Schuman and colleagues constructed a so-called "reporter" molecule that, when introduced into neurons, emits a telltale glow if protein synthesis is occurring. "There was early evidence that protein-synthesis machinery was present in dendrites," says Schuman. "Those findings were intriguing because they implied that dendrites had the capacity to make their own proteins."
The idea that dendrites should be able to synthesize proteins made sense to Schuman and others because it was more economical and efficient. "It's like the difference between centralized and distributed freight shipping," she says. "With central shipping, you need a huge number of trucks that drive all over town, moving freight from a central factory. But with distributed shipping, you have multiple distribution centers that serve local populations, with far less transport involved."
Previous studies had indicated that, in test tubes, tiny fragments of dendrites still had the capacity to synthesize proteins. Schuman and her colleagues believed that visualizing local protein synthesis in living neurons would provide a more compelling picture than was currently available.

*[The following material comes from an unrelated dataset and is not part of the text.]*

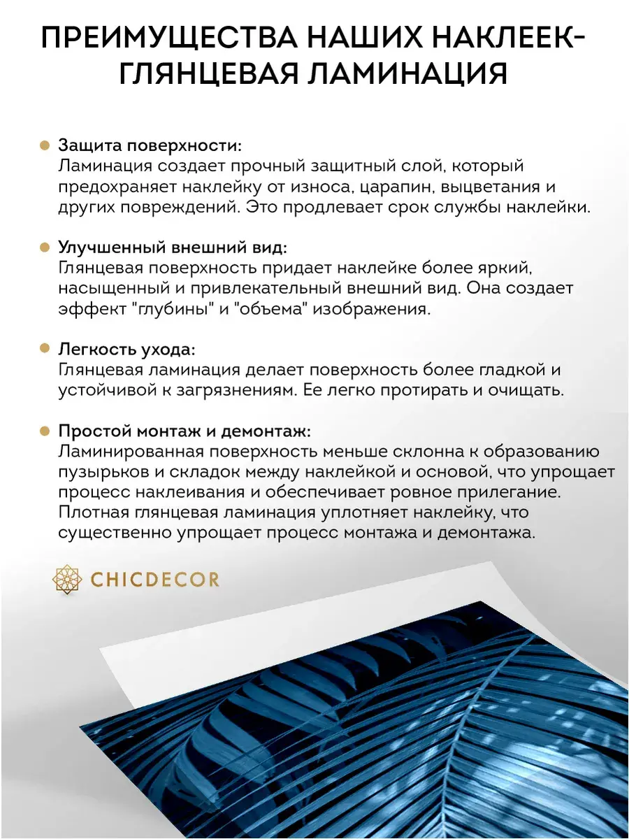 Наклейка на холодильник от CHIC DECOR - это прекрасный способ добавить яркий акцент в интерьер вашей кухни. Большая наклейка станет настоящим украшением вашего холодильника, преобразив его в стильный элемент декора, добавив яркий акцент в декор вашего дома. Изготовленная из высококачественного плотного винила, наклейка проста в нанесении и удалении, не оставляя следов на поверхности. Преимущества наклеек CHIC DECOR - ГЛЯНЦЕВАЯ ЛАМИНАЦИЯ Наклейка с нашей ламинацией не выгорает на солнце: яркие цвета останутся насыщенными на долгие годы! Защита поверхности: Ламинация создает прочный защитный слой, который предохраняет наклейку от износа, царапин, выцветания и других повреждений. Это продлевает срок службы наклейки. Не боится воды и бытовой химии: легко моется и устойчива к повседневным загрязнениям. Улучшенный внешний вид: Глянцевая поверхность придает наклейке более яркий, насыщенный и привлекательный внешний вид. Она создает эффект "глубины" и "объема" изображения. Легкость ухода: Глянцевая ламинация делает поверхность более гладкой и устойчивой к загрязнениям. Ее легко протирать и очищать. Наклейка устойчива к истиранию: сохраняет свой первозданный вид даже при интенсивном использовании. Простой монтаж и демонтаж: Ламинированная поверхность меньше склонна к образованию пузырьков и складок между наклейкой и основой, что упрощает процесс наклеивания и обеспечивает ровное прилегание. Плотная глянцевая ламинация уплотняет наклейку, что существенно упрощает процесс монтажа и демонтажа. Преобразите свою кухню за считанные минуты с яркой и стильной наклейкой на холодильник от CHIC DECOR! Размер 65х200 см идеально подойдет для большинства стандартных холодильников, а глянцевая ламинация придаст изображению глубину и насыщенность. Забудьте о выцветших и потертых наклейках! Наша наклейка изготовлена с использованием японской печати и немецкой пленки, что гарантирует высокое качество изображения, устойчивость к ультрафиолету, воде, бытовой химии и истиранию. Подробнее о нашем качестве: Японское качество печати: Гарантирует четкость и яркость изображения. Немецкое качество пленки: Обеспечивает долговечность и устойчивость к повреждениям. Бережная упаковка в прочный тубус: Наклейка доедет до вас в целости и сохранности. Обновите интерьер кухни без лишних затрат! Интерьерный декор на холодильник от CHIC DECOR - новый стильный акцент в вашем доме. CHIC DECOR - это стиль, защита и долговечность!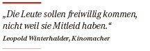 Im ehemaligen „Kurkino“ hängen schon lange keine Filmplakate mehr, dort wirbt heute der Supermarkt „Markant“, auf dem Parkplatz drehen sich die Spieße der Hendlbraterei „Hahn im Korb“. Anfang der 70er-Jahre hat Leopold Winterhalder im „Kurkino“ seine ersten Kinoerfahrungen gesammelt. Er lacht. „Welcher Film das war –wenn ich’s wüsste, würd’ ich’s nicht sagen. Irgend so ein japanischer Monsterfilm.“ Das Filmvorführen hat Winterhalder sich in Lenzkirch zeigen lassen, die Rollen tauscht er schon mal mit Kenzingen, und ein Teil seiner Stühle stammt aus dem Bugginger Kino: Man kennt und hilft sich untereinander. Gerade anfangs war das hilfreich, als es genug Schwierigkeiten gab – und Vorurteile. „Da hat’s dann geheißen, in Neustadt reißen dauernd die Filme oder man sieht nur den halben Film“, ärgert sich Winterhalder. „Ich weiß nicht, wo das herkam.“ Sein Kino muss sich vor denen in der Stadt nicht verstecken. „Die Leute sollen freiwillig kommen, nicht weil sie Mitleid haben.“ Winterhalder hat das Foyer in einem warmen Gelb gestrichen und für indirekte Beleuchtung gesorgt. Das muffige Kassenhäuschen unter der Treppe benutzt er nicht. „Ich hab’ einmal drin gesessen, bei Harry Potter“, erinnert er sich. „Ich kam mir vor wie’n Depp.“ Seit er das Kino übernommen hat, gibt es eine freundliche Holztheke. Dort macht Winterhalder Popcorn und Kaffee, es gibt Süßigkeiten und eine kleine Weinauswahl. Auf dem Plüschsofa und an einigen Bistrotischen können Besucher vor oder nach dem Film zusammensitzen. Winterhalder hat Dolby-Digital- und Surround-Klang-Systeme angeschafft, „das haben die Leute auch gemerkt“, sagt er zufrieden. „Kino soll besser sein als zu Hause.“ Seit 2004 gibt es neben dem großen Saal mit 146 Sitzen noch das „Krönli“, vor dessen Leinwand 35 Zuschauer Platz finden. Zusammen mit einem befreundeten Betonbauer hat Winterhalder selbst geschaufelt und gebaggert, so ist das auf dem Land. Wer in Deutschland neue Filme zum Bundesstart bekommen will, muss sie drei Wochen am Stück zeigen und zwar jeden Abend. „Wenn ich nur einen Saal habe und drei Wochen lang das Gleiche spiele, wird es nicht nur für mich, sondern auch für das Einzugsgebiet hier langweilig“, weiß Winterhalder. Über 400 Filme starten jedes Jahr in Deutschland, seit Jahren sinkt die Anzahl der Kopien, die die Verleiher pro Film in Umlauf bringen. Weil sie mehr Umsatz machen, werden die Filmpaläste in den Großstädten bevorzugt bedient. „Das ist schon logisch“, findet Winterhalder, „aber wenn ein Film nur mit 300 Kopien startet und dann noch gut läuft, dann gibt ihn natürlich kein Kino ab. Wenn er schlecht läuft, dann krieg’ ich ihn, aber dann will ich ihn ja vielleicht gar nicht unbedingt.“ Seit Winterhalders Umsatz und Renommée gestiegen sind, ist auch sein Programm aktuell. Sein eigener Lieblingsfilm bleibt trotzdem ein Klassiker. „Jeder Filmvorführer liebt Cinema Paradiso“, schwärmt er. Der italienische Streifen aus dem Jahr 1989 ist eine Liebeserklärung an das Kino, speziell an das in der Provinz. „Wenn du von hier oben siehst, dass das Kino voll ist und die Leute lachen und sich amüsieren“, sagt der alte Alfredo am Projektor, „dann bist du eben auch zufrieden.“ Leopold Winterhalder erinnert sich an die Premiere von „Wie im Himmel“ und klingt ganz ähnlich: „Alle Altersschichtenwaren da, und alle kamen gerührt aus dem Saal. Zwei Damen haben sich extra bedankt bei mir, obwohl ich ja nichts dafür kann. Das ist dann das Schöne am Beruf.“ 5,50 Euro kostet der normale Eintritt; bei Familien und Älteren ist das „Krone-Theater“ eine beliebte Institution. Die jungen Leute dagegen fehlen, besonders am Wochenende. „Wenn man die ganze Woche auf dem Dorf hockt, will man am Wochenende in die Stadt“, da macht sich Winterhalder keine Illusionen. Aber es gibt auch die umgekehrten Fälle: „Wir haben Leute, die aus Freiburg kommen, weil ein Film hier noch läuft. Man hat keine Parkplatzsorgen, der Eintritt ist günstiger, und der letzte Zug fährt auch erst um zwanzig vor elf zurück.“

The scientists began their efforts to create a reporter molecule by flanking a gene for a green fluorescent protein with two segments of another gene for a particular enzyme. Doing this ensured that the researchers would target the messenger RNA (mRNA) for their reporter molecule to dendrites.
Next, in a series of experiments, the group inserted the reporter molecule into rat neurons in culture, and then triggered protein synthesis using a growth factor called BDNF. By imaging the neurons over time, the investigators showed that the green fluorescent protein was expressed in the dendrites following BDNF treatment—proof that protein synthesis was taking place. Going a step further, the researchers showed they could cause the fluorescence to disappear by treating the neurons with a drug that blocked protein synthesis.
Schuman and her colleagues also addressed whether proteins synthesized in the main cell body, called the soma, could have diffused to the dendrites, rather than the dendrites themselves performing the protein synthesis. The researchers proved the proteins weren't coming from the soma by simply snipping the dendrites from the neurons, while maintaining their connection to their synaptic partners. Sure enough, the isolated dendrites still exhibited protein synthesis.
Intriguingly, says Schuman, hot spots of protein synthesis were observed within the dendrites. By tracking the location of the fluorescent signal over time, the researchers could see that these hotspots waxed and waned consistently in the same place. "The main attraction of local protein synthesis is that it could endow synapses with the capacity to make synapse-specific changes, which is a key property of information-storing systems," says Schuman. "The observation of such hot spots suggests there are localized areas of protein synthesis near synapses that may provide new proteins to synapses nearby."
Schuman and her colleagues are now applying their reporter molecule system to more complex brain slices and whole mice. "In the whole animals, we're exploring the role of dendritic protein synthesis in information processing and animal learning and behavior," says Schuman.